- Saved data entries:
----

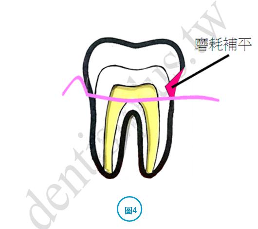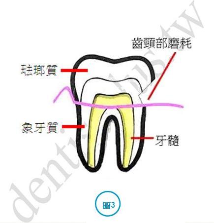 圖3是持續用力或用硬毛牙刷刷牙,造成齒頸部及露出牙根部表層磨耗凹陷,這凹陷處易卡食物且離牙髓較近,易造成蛀牙,甚至引發牙髓炎。
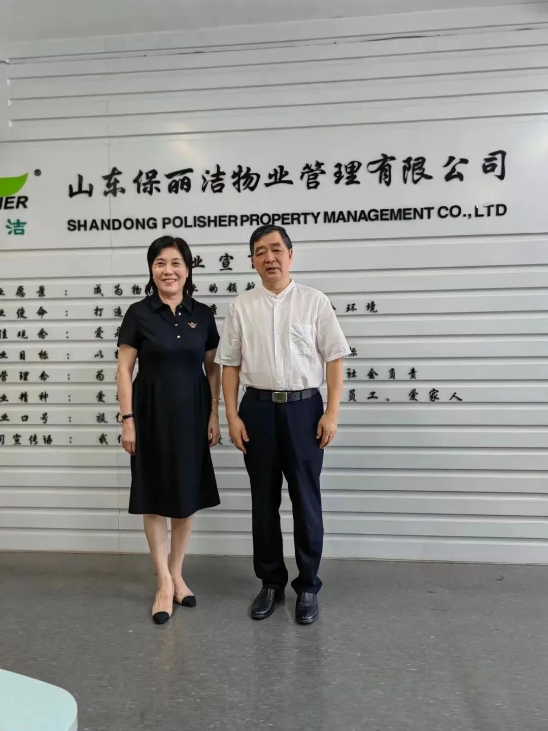 走访过程中,省女商会常务副会长、山东保丽洁物业管理有限公司董事长张华就企业发展历程、服务定位、企业文化和未来发展方向等向冯庆禄顾问进行了详细的介绍。
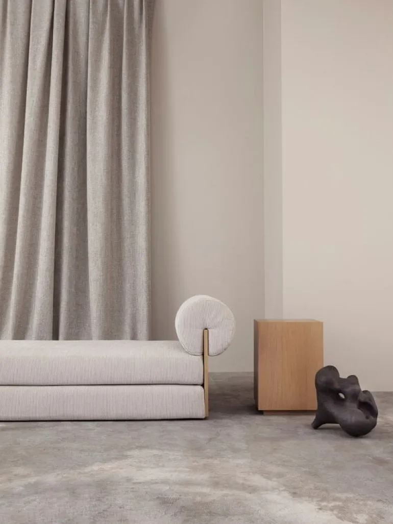 The minimalist mood of the Lollipop daybed fits seamlessly into a wide range of interiors, and the beautifully finished piece is equally stunning from every angle – you can even place it in the middle of the room. The Lollipop daybed, made in Finland, is a charming addition for private living rooms and public spaces alike.
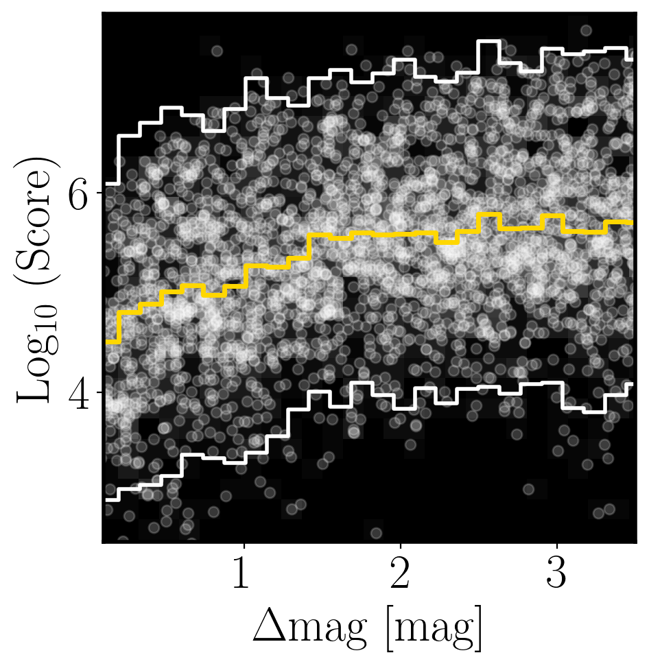 Using injection-recovery methods with LSDB & Nested, we're able to measure the score threshold of bonafide dippers
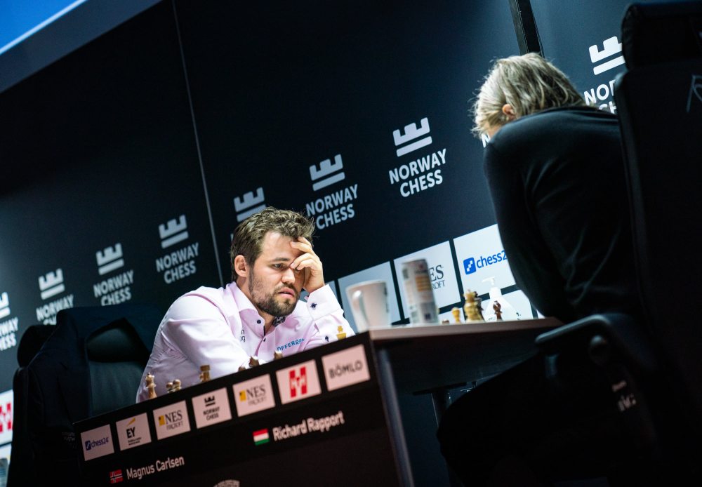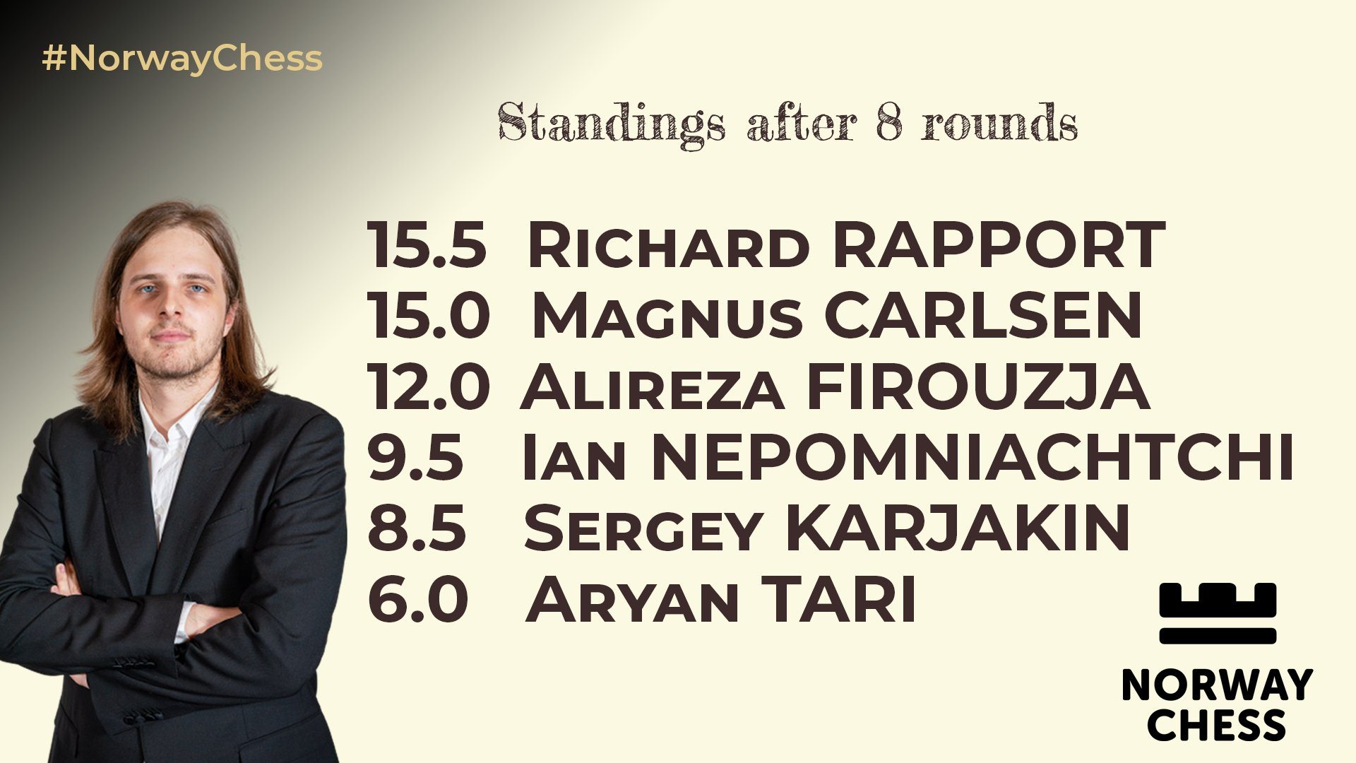 Richard Rapport führte nach der 7. Runden mit 15,5 Punkten und dreieinhalb Punkten Vorsprung vor Magnus Carlsen, der sich mit seinem Sieg über Alireza Firouzja saniert hatte. Dreieinhalb Punkte ist in einer normalen Schachtabelle ein riesiger Vorsprung, hier nicht. Carlsen war praktisch auf Schlagdistanz am Tabellenführer dran. Und hatte es selber in der Hand, den Vorsprung weiter zu verkürzen, denn in Runde acht kam es zum Spitzenspiel zwischen den temperamentvollen und taktisch stets originell spielenden Ungarn und seinem Verfolger.
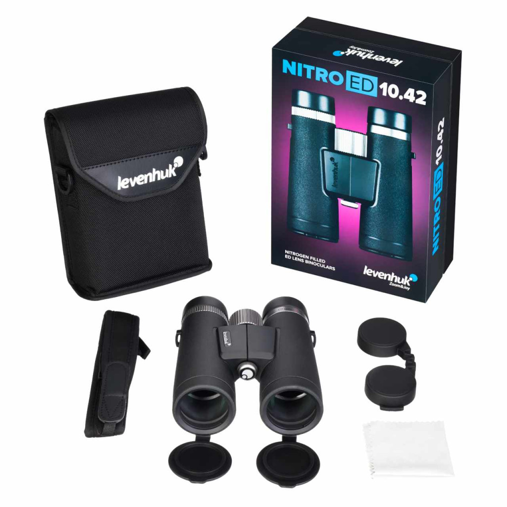 Az ED optika színhibától mentes képet készít, jelentősen javítva a minőséget és a felbontást. Az üveg teljesen bevonatolt, növeli a fényáteresztést, ami különösen fontos alkonyatkor és felhős időben végzett megfigyeléseknél, amikor nincs kint fény. A Levenhuk Nitro ED 10x42 kétszemes távcső optimálisan kombinálja a nagyítást és a látómezőt – egyrészt távoli tárgyakat nézhet, másrészt pedig nézheti az egész tájat.
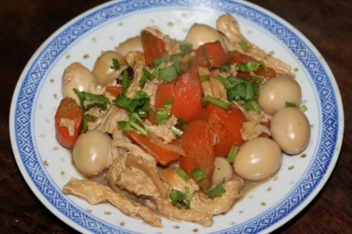 酱油 少许 糖 少许 蘑菇精 少许 素高汤 2碗 香菜末 少许 姜丝 少许 八角 1个胡萝卜鹌鹑蛋焖腐竹的家常做法,胡萝卜鹌鹑蛋焖腐竹怎么做好吃

----

- What you have to do: Only the lines above from the one with "走访过程中,省女商会常务副会" to the one with "Using injection-recovery methods" should be printed, both included and exactly as written; no picture belongs in the copy.

- Result for this task:
 走访过程中,省女商会常务副会长、山东保丽洁物业管理有限公司董事长张华就企业发展历程、服务定位、企业文化和未来发展方向等向冯庆禄顾问进行了详细的介绍。
 The minimalist mood of the Lollipop daybed fits seamlessly into a wide range of interiors, and the beautifully finished piece is equally stunning from every angle – you can even place it in the middle of the room. The Lollipop daybed, made in Finland, is a charming addition for private living rooms and public spaces alike.
 Using injection-recovery methods with LSDB & Nested, we're able to measure the score threshold of bonafide dippers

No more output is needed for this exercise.